Sur les colonnes de l’organe de l’AGEA, il publiera deux textes littéraires, à savoir Histoire des deux aveugles de Bagdad et du filou et Les dernières paroles d’un soldat. Kessous marque dès le 31/5/1924 sont entrée dans le monde de l’écriture de presse et de la politique de la contestation sociale. Ils ont bien dit des choses sur l’homme et son honneur. Sur sa femme qui a embrassée l’Islam dès le première jour de leur mariage, le 6/5/1940, devenant madame Leïla Kessous à la Mosquée de Paris. En 1936, Aziz Kessous rejetait l’idée d’indépendance du pays en disant que : « Nous ne sommes pas assez forts pour nous rendre indépendants. Une insurrection indigène serait un véritable suicide collectif ». Des considérations qu’il faut situer à travers des considérations objectives et subjectives de l’époque, un impérialisme colonial qui faisait surgir de la terre son bras-armée le nazisme et le fascisme.

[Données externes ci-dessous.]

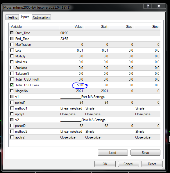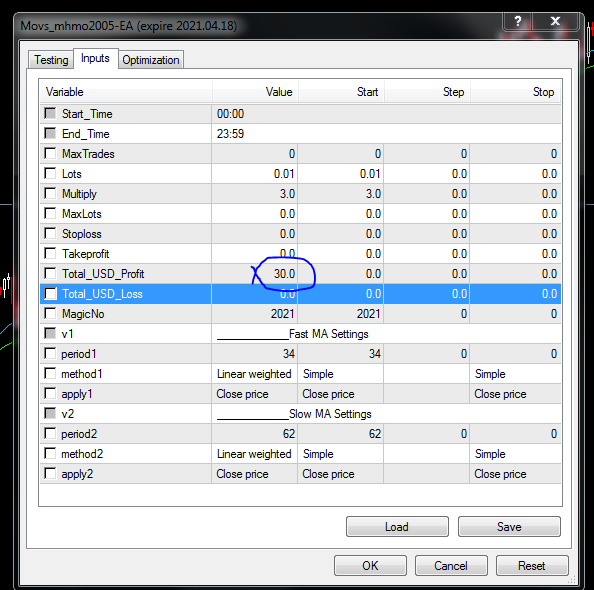 لا ادرى ما المشكلة مرفق لحضرتك لم اضف لاعدادات الاكسبرت سوى الربح الكلى 50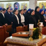 At the end of the divine liturgy, Archbishop Borys blessed Sister Veronica a Superior of the convent in Perth Amboy, NJ, and Sister Maria for the beginning of their ministry in Perth Amboy. The nuns in attendance sang the prayer, “Hail Mary,” in Old Slavonic.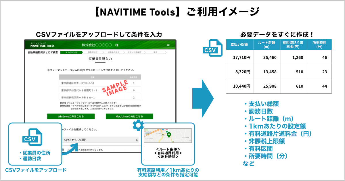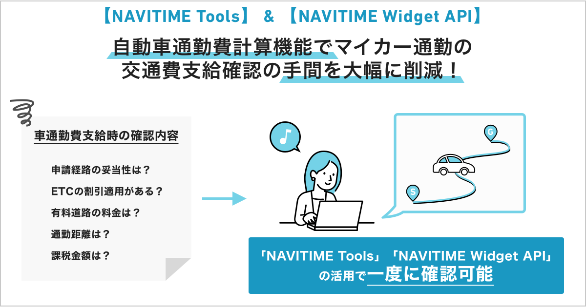 株式会社ナビタイムジャパン(代表取締役社長:大西啓介、本社:東京都港区)は、2022年6月29日(水)より、サイト上でCSVファイルをアップロードするだけで使える業務支援Webサービス『NAVITIME Tools』と、法人向け地図・ルート検索のWeb画面付きAPI『NAVITIME Widget API』にて、自動車での通勤費算出機能を提供開始いたします。

Entre le 22 février 1937 et le 23 mai 1937 et, sur Oran-Républicain, Aziz Kessous publie une série d’articles avec une enquête d’opinion touchant 150 personnalités, autour du projet Blum-Viollette dans un Oranais gangréné par la  peste fasciste du gourou Lambert.

Ce qui s’ignore de nos jours, c’est bien sa contribution et sa collaboration dans le journal hebdomadaire du docteur Lamine Lamoudi, La Défense où Kessous publia du 20/7/1934 au 8/3/1935 une série d’articles sur les « Berbères et leurs conquérants », en réponse à l’écrit de l’Algérien naturalisé Français Hanafi-Hesnay Lahmek intitulé Lettres algériennes (1931). M. Lahmek ce disant « un Kabyle émancipé » plaidait pour les Berbères contre les musulmans bien plus que contre les Français (Annales de l’Université de Paris, 1 janvier 1933). Il considérait l’Islam comme « un facteur de mort » et qu’il ne doit plus oppresser les Berbères Kabyles puisque ces derniers « sont proches des Européens, par la formation, par leur tradition » et c’est aux Français d’instruire les Kabyles « en les francisant ».

Aziz Kessous y répliquera et sur 17 parties dans La Défense en essayant de rétablir des vérités historiques avec des sources académiques d’autorité. Nous ne citerons à titre d’exemples, son avant-propos où Kessous soutenait qu’à travers l’écrit de M. Lahmek, nous découvrons « l’artifice d’un système créé de toutes pièces » qu’il résume en 5 idées principales :

1°- L’Afrique du Nord, qui forme géographiquement un « tout indissoluble », est un lambeau de l’Europe. Elle est beaucoup plus occidentale qu’orientale ;

2°- Les Berbères, qui constituent la masse principale des populations Nord-africaines, doivent être rattachés aux races européennes et non pas aux races asiatiques ;

3°- Les Romains ont complètement assimilé à leur culture, leurs cousins Berbères, dont ils ont fait des latins authentiques et à qui ils ont procuré une prospérité que « l’Africa » n’a plus jamais retrouvée depuis ;

4°- L’Islam n’a triomphé au Maghreb que par l’emploi de la contrainte, et il n’y a été en définitive qu’un « facteur de morts » ;

5°- En conclusion : «  Les Berbères doivent redevenir européen, mais leur assimilation, réalisable en dix ans ( !), n’est possible que si l’on contient sévèrement l’Islam dans ses limites ».

Kessous en relevant le contenu des propos de Lahmek, affirme qu’à sa dernière rencontre avec lui, il tenait des propos tout à fait opposés à ses théories qu’il entretenait précédemment. Il en demeure que cet écrit de l’auteur de La Vérité sur le malaise Algérie, en1935, montre toute la richesse des débats politiques et culturels que menaient les militants de la FEMA-UDMA, marxistes ou libéraux soient-ils, sur le front démocratique dans les lourdes et graves situations de colonisation.

Mohamed-Karim Assouane, universitaire.